To integrate our biosensor system into the yeast genome, we used a multiplex 5-assembler genomic integration cassette (5-modular system), which allowed for integration into the yeast chromosome 10, site 3 (Fig. 3A). In order to confirm successful expression and localization of our receptors, we also utilized a multiplex 3-assembler genomic integration cassette (3- modular system) (Fig. 3B) to construct yeast strains containing our receptors linked to superfolder GFP (sfGFP). See Figure 6 for a complete explanation of yeast strains created.

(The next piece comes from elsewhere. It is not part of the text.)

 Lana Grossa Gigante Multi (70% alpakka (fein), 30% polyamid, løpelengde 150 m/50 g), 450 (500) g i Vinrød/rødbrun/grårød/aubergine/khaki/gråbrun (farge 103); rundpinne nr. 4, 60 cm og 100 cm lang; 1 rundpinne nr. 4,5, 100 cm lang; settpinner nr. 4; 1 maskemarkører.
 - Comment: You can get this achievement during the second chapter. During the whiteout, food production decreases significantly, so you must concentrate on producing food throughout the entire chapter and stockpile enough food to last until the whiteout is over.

Figure 3: The multiplex genomic integration system | 3A: The 5-assembler genomic integration cassette. The first module contains the receptor. Second module contains the GPA1. Third assembler contains the transcription factor STE12. Fourth assembler contains an empty vector backbone and the fifth assembler contains the reporter gene ZsGreen. 3B: The 3-assembler genomic integration cassette. The first module contains the receptor tagged with sfGFP. The second and the third assemblers contain empty backbone vectors.

Vector construction

For construction of all our yeast strains we used the same general workflow. Initially all fragments were PCR amplified using primers carrying USER overhangs. The fragments were verified through gel electrophoresis (Fig. 4A). Following PCR amplification, the fragments, were purified and ligated into our integration vectors using USER cloning. For a detailed explanation of the backbones used, please refer to our Project Design page. See Table 1 for list of constructs.

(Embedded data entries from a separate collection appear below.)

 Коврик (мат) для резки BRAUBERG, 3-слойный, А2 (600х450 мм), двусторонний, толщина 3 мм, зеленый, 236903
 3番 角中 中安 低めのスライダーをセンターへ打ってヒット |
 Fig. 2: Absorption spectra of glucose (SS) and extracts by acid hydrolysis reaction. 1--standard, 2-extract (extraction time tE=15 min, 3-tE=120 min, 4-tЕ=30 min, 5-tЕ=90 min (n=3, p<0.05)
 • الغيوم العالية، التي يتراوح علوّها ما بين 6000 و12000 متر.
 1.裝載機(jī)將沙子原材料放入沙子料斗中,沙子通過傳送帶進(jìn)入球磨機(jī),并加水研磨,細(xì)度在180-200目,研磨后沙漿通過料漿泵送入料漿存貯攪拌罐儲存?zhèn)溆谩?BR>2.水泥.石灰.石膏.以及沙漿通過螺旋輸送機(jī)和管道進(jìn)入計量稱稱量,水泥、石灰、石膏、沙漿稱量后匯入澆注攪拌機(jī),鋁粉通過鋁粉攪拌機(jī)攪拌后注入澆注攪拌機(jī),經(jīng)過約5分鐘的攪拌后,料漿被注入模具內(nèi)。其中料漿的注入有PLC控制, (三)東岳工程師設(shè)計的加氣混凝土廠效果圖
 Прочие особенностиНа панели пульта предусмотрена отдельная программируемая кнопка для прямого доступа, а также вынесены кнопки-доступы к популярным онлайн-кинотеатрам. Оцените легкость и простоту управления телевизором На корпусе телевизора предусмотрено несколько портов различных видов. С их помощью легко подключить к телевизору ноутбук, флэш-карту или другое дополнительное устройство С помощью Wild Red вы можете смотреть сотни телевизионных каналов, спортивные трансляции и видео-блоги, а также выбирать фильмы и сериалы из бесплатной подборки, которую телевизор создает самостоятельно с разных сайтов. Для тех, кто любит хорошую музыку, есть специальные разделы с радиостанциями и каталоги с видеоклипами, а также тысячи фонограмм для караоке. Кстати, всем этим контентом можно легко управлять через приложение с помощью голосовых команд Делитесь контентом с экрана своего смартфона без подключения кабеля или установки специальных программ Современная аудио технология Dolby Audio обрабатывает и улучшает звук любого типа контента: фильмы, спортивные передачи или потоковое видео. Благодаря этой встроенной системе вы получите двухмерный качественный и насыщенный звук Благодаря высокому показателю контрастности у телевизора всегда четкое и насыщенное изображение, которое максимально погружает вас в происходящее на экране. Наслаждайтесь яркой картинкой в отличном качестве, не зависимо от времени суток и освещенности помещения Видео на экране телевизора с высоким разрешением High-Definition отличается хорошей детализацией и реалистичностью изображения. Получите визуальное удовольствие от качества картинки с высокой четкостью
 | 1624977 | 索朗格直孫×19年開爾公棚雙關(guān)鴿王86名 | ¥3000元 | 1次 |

Table 1: The constructs made by USER ligation

Backbone	Promoter	Gene fragment
X3A	pCCW12	GPER
X3A	pCCW12	XLHCGR
X3A	pCCW12	GPER-linker + sfGFP
X3A	pCCW12	XLHCGR-linker + sfGFP
Ass2A	pPGK1	GPA1-Gαi
Ass2A	pPGK1	GPA1-Gαs
Ass2B	pRET2	STE12
X3C	pFIG1	ZsGreen

Following USER cloning, successful transformant were picked and colony PCR was performed. The colony PCR products were separated by Gel electrophoresis and positive colonies were determined by comparing the band sizes on the gel with expected sizes. Figure 4B depicts a representative colony PCR gel electrophoresis, as performed on GPER-Li-sfGFP. Based on the results of colony PCR, 1-2 colonies were picked and grown overnight. Plasmid DNA purification was carried out and sequencing used to verify successful vector construction.

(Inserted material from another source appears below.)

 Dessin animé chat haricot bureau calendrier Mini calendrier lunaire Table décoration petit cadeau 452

Figure 4: Representative gel electrophoresis images | 4A: PCR of USER fragments. Expected band sizes are listed for each fragment. 4B: Colony PCR of ligated fragment pCCW12-GPER. A positive band was observed in lane 2 around 1800 bp, which correlates well to the expected band size for a construct of 1818 bp. Lane 1 does not show a band, which means that this sample was negative.

Yeast transformation and colony PCR

The purified vectors were transformed into S. cerevisiae, creating a total of 5 different strains (Fig. 5). Three strains were made using the 3-assembler cassette (OV1, OV2, OV3), and two using the 5-assembler cassette (OV4, OV5).

Figure 5: Overview of the 5 different cassettes transformed into yeast | OV1 is a negative control strain transformed with empty vector backbones. OV2 and OV3 were transformed with our 2 receptors conjugated to sfGFP in module 1, and two empty vectors in module 2 and 3. OV4 and OV5 were transformed with our receptors in module 1, the adaptor GPA1 in module 2, and the transcription factor STE12 in module 3. Module 4 was kept empty in these strains, while module 5 contains the reporter ZsGreen.

Correct integration was verified using PCR. In the presence of our construct, we expect to see a band at 1000 bp, and in the absence of the constructs, we expect to see the bands at 1500 bp. For an in depth explanation of detecting positive yeast colonies, please refer to our Project Design page.

Figure 6 depicts gel electrophoresis from yeast colony PCR of the 2 strains (OV2 and OV3) transformed with our sfGFP tagged receptors. In both gel images, bands of 1000 bp were observed, which confirmed that both the receptors tagged with sfGFP have been successfully integrated into the yeast genome.

Figure 6: OV2 and OV3 yeast colony PCR gel images | Specific yeast genotyping primers were used for the PCR reaction. PCR products were separated by electrophoresis on 1% agarose gel. The sizes of the molecular weight standards are shown on the left. Lanes 1-8 represent individual colonies. 6A: Bands of the colony PCR product of yeast expressing GPER-Li-sfGFP (OV2). 6B: Bands of the colony PCR product of yeast expressing XLHCGR-sfGFP (OV3). In both A and B, we see bands around 1 kb, confirming positively transformed yeast.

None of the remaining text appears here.